What should be anticipated by a Fulbright Scholar?  Well, the honor generally means either doing research or teaching (sometimes both) over a period of up to one year during which the awardee is attached to a foreign institution. On occasion a Fulbrighter is asked to provide a guest lecture, speak for a local organization or at a U.S. Consulate, or maybe serve as a curriculum adviser for a university. This was largely what Dr. Paul Vincent anticipated while serving as a visiting professor at Poland’s Jagiellonian University. Interestingly, while he’s teaching a course on Nazi Germany to masters-level students from throughout Europe (from Lithuania to Portugal), his chief contact during weekly office hours has been as mentor for those Keene State students currently studying away in Kraków. He’s learned that the concept of office hours is not nearly so evolved in Poland as it is in America.  (Because he has no office, he meets students each Wednesday at a local restaurant.

One thing Professor Vincent never anticipated “in my wildest dreams” was an invitation he received in early April. It seems the Senate of the Czech Republic, working with the Institute of History in the Czech Academy of Sciences, decided to host a one-day conference marking the 70th anniversary of V-E Day (Victory in Europe). They landed speakers from Germany and Russia; however, needing a historian to address the American perspective on the topic, someone from the Senate contacted the U.S. Embassy in Prague, which in turn contacted the Czech Fulbright Commission. Dr. Vincent’s name came up as an American Fulbrighter teaching in Kraków. “Addressing the Czech Parliament on the close of World War II was certainly not on my radar! I initially thought they must have emailed the wrong ‘Paul Vincent.’ It is, of course, the Fulbright Scholarship that triggered the invitation—plus the accident of residing in Europe during a momentous anniversary.”

The invitation asked Dr. Vincent to address the Czech Parliament in the Senate Chamber on Tuesday, May 19. The conference, “On the Threshold of Freedom:  V-E Day 1945,” also includes presentations by scholars from Russia, Germany, and the Czech Republic. Professor Vincent spoke on the topic “The Victors’ Views 70 Years After – USA.”

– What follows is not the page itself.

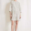 Fitted rib knit dress from Simon Miller, with a crew neckline, midi length, and flared long sleeves in a custom space dye stripe. Comfy, flattering, and super wearable, the Axon Dress is perfect for chilly fall days.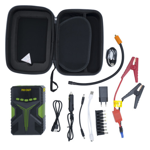 Startovací zdroj s funkcí kompresoru - pracovní tlak 3,5 bar, power banky, LED svítilny a LED výstražné svítilny. Kompaktní záložní zdroj elektrické energie pro případ nouzového statování vozidla, dobíjecí zdroj mobilního telefonu, tabletu nebo noteboku - nouzová výstražná svítilna. Součástí balení je sada startovacích kabelů, redukcí a adapterů pro připojení dalších zařízení. JSAP-12NE zvládne při plném nabití nastartovat vozidlo s el. rozvodem 12V a se zdvihovým objemem motoru do 8000cm3.

In commenting on the invitation, Dr. Vincent said, “I was both honored and horrified to receive it; I’ve never addressed such an august body as a national parliament. Indeed, the only senate I’m really familiar with is at Keene State College. Over the course of 30 years, I rarely speak there.” But he came to relish the unexpected opportunity. “With the dismemberment of Czechoslovakia initiated by the Munich Conference in September 1938, that country became Hitler’s first victim—almost a full year before the Second World War broke out in Europe. I’m intrigued by the conference title,” he said. “Why ‘Threshold of Freedom?’ In a very important respect, when one thinks back to 1945, it took 45 more years for Czechoslovakia to cross that threshold.”

Follow Up:

On Wednesday morning (May 20), we received this note from Dr. Vincent:

“Yesterday’s conference was little short of incredible. I think I delivered a good paper; it certainly generated some good questions. But I also learned a good deal about the history of Prague and Czechoslovakia during the final weeks of the war. … As my life has evolved of late into a series of unexpected happenings, I should not have been surprised to learn Monday evening that I’d been scheduled, together with the conference’s Russian historian, to appear Tuesday evening on a popular one-hour television program.”